Alguém pode ser jesuíta ou não ser jesuíta, mas nunca se deixa de ser jesuíta.
É muito difícil deixar de sê-lo, porque isso marca as pessoas. Eu não tenho palavras para agradecer o que eu devo aos jesuítas, tanto quem eu sou, quanto o que eu sei. Meu problema é com a realidade envolvente acima deles.
Um inimigo seu diz: "José María Castillo não é católico, mas tem razão".
Se por católico entendermos uma pessoa que se identifica incondicional e acriticamente com a Igreja, eu não o sou. Se entendermos alguém que comunga com a fé fundamental, sim, eu o sou. Não posso aprovar uma instituição que fala de direitos humanos, mas não os pratica.
O Vaticano cede seu fascínio à Casa Branca.

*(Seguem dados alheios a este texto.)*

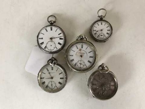 Four silver pocket watches, and a plated example (5)

O Vaticano é a última monarquia absoluta da Europa. Não entendo que a União Europeia permita isso. O papa procura manter excelentes relações com os poderes fáticos, também com a Casa Branca. Reagan fez um pacto com João Paulo II pelo pagamento de milhões ao sindicato polonês Solidariedade, em troca de informação para a CIA sobre os movimentos de base mais ativos no Caribe.
Sua questão com Ratzinger era pessoal.
Eu não sou tão importante, mas fui informado de que o então cardeal e secretário do ex-Santo Ofício, juntamente com o cardeal Suquía, me citaram ao geral dos jesuítas e me proibiram o ensino. Tenho a profunda ferida da calúnia que me foi dirigida pelo cardeal Cañizares com a melhor vontade do mundo, ao dizer que eu era "um perigo para a Igreja".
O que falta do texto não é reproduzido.